A22-1061, A22-1261 Robbins v. Robbins (Washington County)
Appellant challenged the District Court’s summary-judgment dismissal of his negligent-hiring claim against respondent, a public charter school, arising out of sexual abuse of appellant by respondents’ employee. Noting that decisions to hire employees facially involved balancing policy considerations and the discretion protected by statutory discretionary immunity, the Court of Appeals concluded that respondent was are entitled to statutory discretionary immunity on the negligent-hiring claim. Affirmed.
A22-1236 Doe v. Best Acad. (Hennepin County)
Appellant, a vehicle that was seized for forfeiture, appealed the District Court’s grant of summary judgment in favor of respondent and order for a police department to immediately release the vehicle to respondent without charging towing, seizure, and storage costs, and without requiring security. Appellant argued that the District Court erred in granting summary judgment because the record did not establish that respondent enrolled in the ignition interlock program, a requirement for him to obtain release of the vehicle. Additionally, appellant contended that the District Court had no authority to waive the police department’s statutory rights to charge towing, seizure, and storage costs, and to require a bond or security for the vehicle before its release. The Court of Appeals concluded that, because appellant failed to identify any fact issue, and the District Court correctly applied the law, the District Court’s order for release of the vehicle to respondent was proper. But the District Court did not have authority to waive the police department’s statutory rights to charge reasonable towing, seizure, and storage costs, and to require security for the vehicle. Affirmed in part, reversed in part, and remanded.
A22-1300 Wawersich v. 2020 Ford F150 (Ramsey County)
Harassment Restraining Orders
Substantial Adverse Effect
Appellant petitioned the District Court for a harassment restraining order. After an evidentiary hearing, the District Court denied the petition. Appellant contended that the District Court’s substantial-adverse-effect finding was incomplete because it did not consider whether respondent intended to cause a substantial adverse effect on her or the child’s safety, security, or privacy. The Court of Appeals concluded that this argument failed because appellant did not file a motion for amended findings or did not provide the appellate court with a transcript of the evidentiary hearing, and that other parts of the record indicate that appellant did not argue to the District Court that respondent intended to cause a substantial adverse effect on her and the child’s safety, security, or privacy. Affirmed.
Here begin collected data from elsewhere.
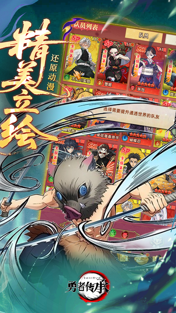 《勇者传承(0.1折鬼灭免费版)》是一款鬼灭题材的卡牌冒险游戏。本游戏故事设定在大正时期,传说太阳下山后,有恶鬼出没为祸人间。玩家将扮演猎鬼人,组建鬼杀队斩杀恶鬼、保护人们。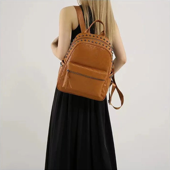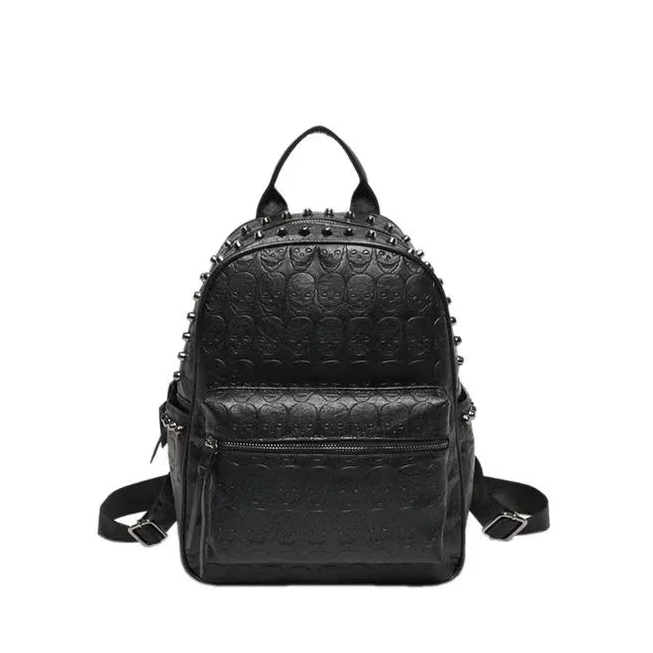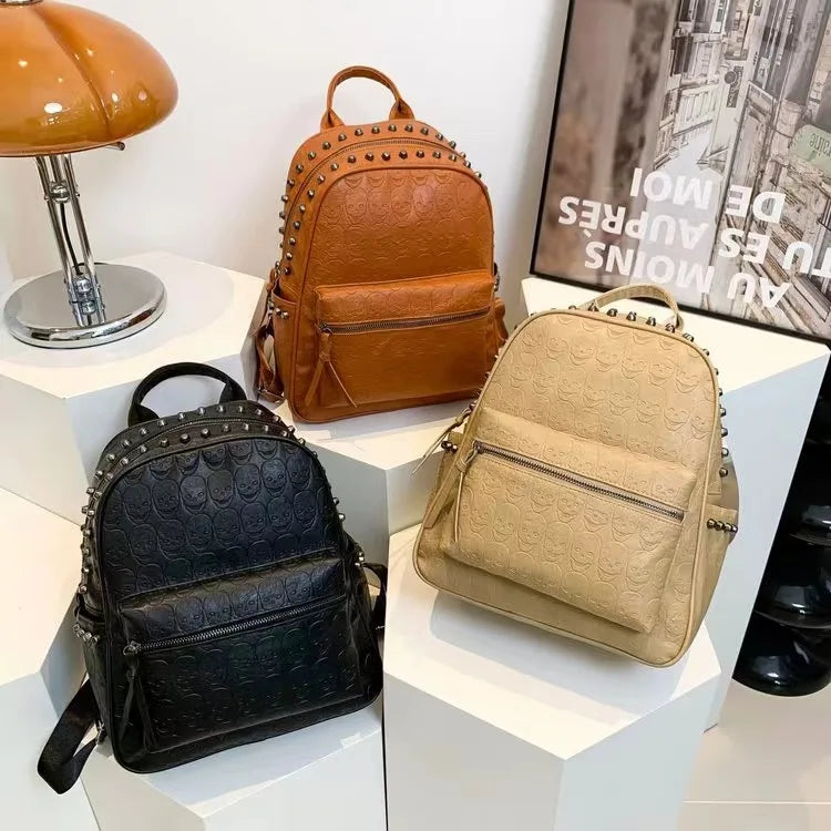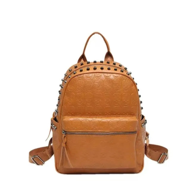 A manifesto of rebellious edge, this rich leather backpack comes adorned with engraved skulls and steel studs. Built for those who walk the edge between chaos and refinement.
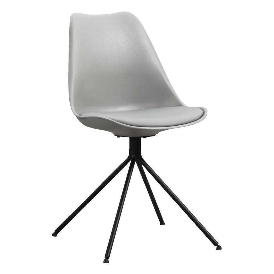 Eetkamerstoel Senja is grijs met een zwart metalen onderstel. Deze moderne stoel is gemaakt van kunststof, dus gemakkelijk te reinigen met een vochtig doekje.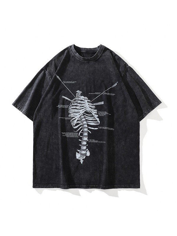 Camiseta de manga corta con esqueleto vintage lavado para hombre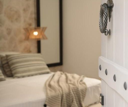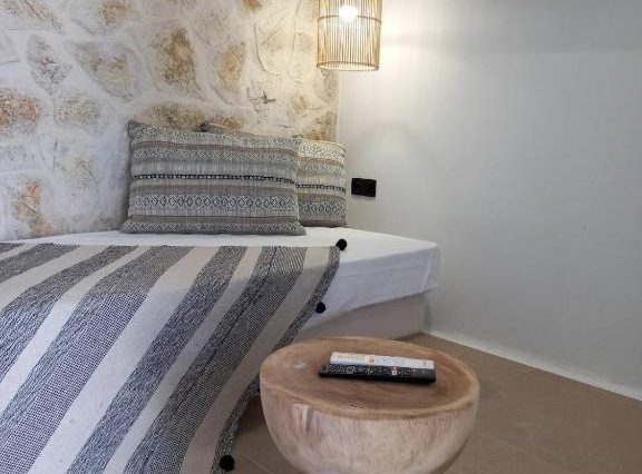 Интерьер: сочетание традиционного греческого стиля и современного комфорта, белые стены, натуральное дерево, текстиль из льна и хлопка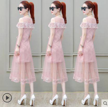 网纱连衣裙2018夏新款韩版中长款一字肩女人味气质少女心仙女裙子 128.00 已售:2件

A22-1493 Branscum v. Branscum (Carver County)
Relator, a bar and restaurant licensed by respondent city, challenged the revocation of its entertainment and liquor licenses, arguing that city’s procedure in revoking the licenses violated relator’s due-process rights because city did not afford relator an opportunity for a hearing before the revocation. The Court of Appeals concluded that relator’s failure either to read the notice sent to its premises or to comply with the instructions the notice gave to those who wanted a hearing could not be attributed to city and did not mean that relator was deprived of due process or of the opportunity to have a hearing. Affirmed.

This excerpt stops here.